I know that you are wanting to try an antidepressant out, but may I just recommend something from personal experience? I've been following some of your recent posts and after reading this one, I know that you want relief especially from the depression and anger. Personally, I have never done well on antidepressants (they either didn't work or made me more depressed), but in May of 2009 I was prescribed a very low dose of an antipsychotic called, Zyprexa. Only 2.5 mg to be taken as needed for agitation/hostility/anger, and what do you know? It actually worked! Zyprexa was my miracle drug and at a baby dose of 2.5 mg it did wonders not only by reducing my anger, but by also lifting my mood, and making things more even-keeled which was what I desperately needed. I am by no means saying that you are psychotic, but perhaps this drug can offer you alleviation of your symptoms as it did for me. Please don't get angry at me or be upset with me for recommending this option. Just as a suggestion. I want you to feel better.


----------



## S O L A R I S (Dec 24, 2009)

I have personally been on Zoloft for a few months now. I have to say, i am very glad for this drug, because it helped me go forth with my daily activities. I know that it wont cure the DP, im just taking it to keep me going through the things I have to do daily. I did not want to give up, and thankfully, antidepressants can be an emotional band aid sometimes.


----------



## ValleyGirl (Nov 10, 2017)

insaticiable said:


> Tinyfairypeople,
> 
> I know that you are wanting to try an antidepressant out, but may I just recommend something from personal experience? I've been following some of your recent posts and after reading this one, I know that you want relief especially from the depression and anger. Personally, I have never done well on antidepressants (they either didn't work or made me more depressed), but in May of 2009 I was prescribed a very low dose of an antipsychotic called, Zyprexa. Only 2.5 mg to be taken as needed for agitation/hostility/anger, and what do you know? It actually worked! Zyprexa was my miracle drug and at a baby dose of 2.5 mg it did wonders not only by reducing my anger, but by also lifting my mood, and making things more even-keeled which was what I desperately needed. I am by no means saying that you are psychotic, but perhaps this drug can offer you alleviation of your symptoms as it did for me. Please don't get angry at me or be upset with me for recommending this option. Just as a suggestion. I want you to feel better.

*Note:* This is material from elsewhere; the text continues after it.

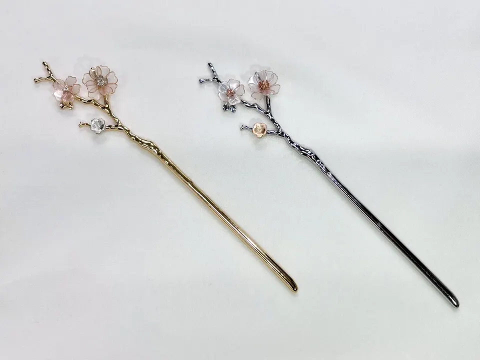 繊細な桜の花をイメージしたかんざしです。 花の部分は透明感のあるディップフラワーで作られ、優雅な光を放ちます。 かんざしの土台は、木の枝の形状を再現しており、繊細でありながらも存在感のあるデザインです。 和装だけでなく、洋装にも合わせやすく、上品なアクセントとして様々なシーンでお使いいただけます。

Oh I'm not offended. I've been on antipsychotics since getting dp.


----------



## aloof (Nov 18, 2008)

SSRIs may help for some people....but not me and I have a feeling very few actually. I actually chatted with Jeff Abugel, co-author of Feeling Unreal. We discussed meds and in particular what I have tried, and he like me, believes the anti-seizure meds seem to as a group work best for many DP sufferers. examples are klonopin, trileptal, lamictal, and neurontin. i have tried all of those and i mostly stick to klonopin and trileptal....i use neurontin on and off. one thing we discussed and it has been my experience is to back off the doses now and then and then go back up. With these meds you can tend to build a tolerance...then you will have to keep increasing the doses which can lead to side effects such as dopiness/tiredness/depression.


----------



## ValleyGirl (Nov 10, 2017)

aloof said:


> SSRIs may help for some people....but not me and I have a feeling very few actually. I actually chatted with Jeff Abugel, co-author of Feeling Unreal. We discussed meds and in particular what I have tried, and he like me, believes the anti-seizure meds seem to as a group work best for many DP sufferers. examples are klonopin, trileptal, lamictal, and neurontin. i have tried all of those and i mostly stick to klonopin and trileptal....i use neurontin on and off. one thing we discussed and it has been my experience is to back off the doses now and then and then go back up. With these meds you can tend to build a tolerance...then you will have to keep increasing the doses which can lead to side effects such as dopiness/tiredness/depression.


I currently take klonopin but am trying to wean off. I also have been on Lamictal and Neurontin and had severe bad reactions to both.


----------



## ZachT (Sep 8, 2008)

What is Lamictal???
What kind of drug is it??


----------



## insaticiable (Feb 23, 2010)

Theone2 said:


> What is Lamictal???
> What kind of drug is it??


Lamictal is an anti-seizure medication used as a mood stabilizer for bipolar disorder. It has anti depressant effects, and can often be prescribed as an off-label use for other disorders.


----------



## ElectricRelaxation (May 2, 2010)

The U-London cocktale (SSRI,KLONO,LAMACT) works. I was on prozac for the last two weeks and one day I stayed up all night till morning then decided to take 2 more prozacs and with in an hour something just hit me, truly I was back in my body and I felt this shift and I could see clearly.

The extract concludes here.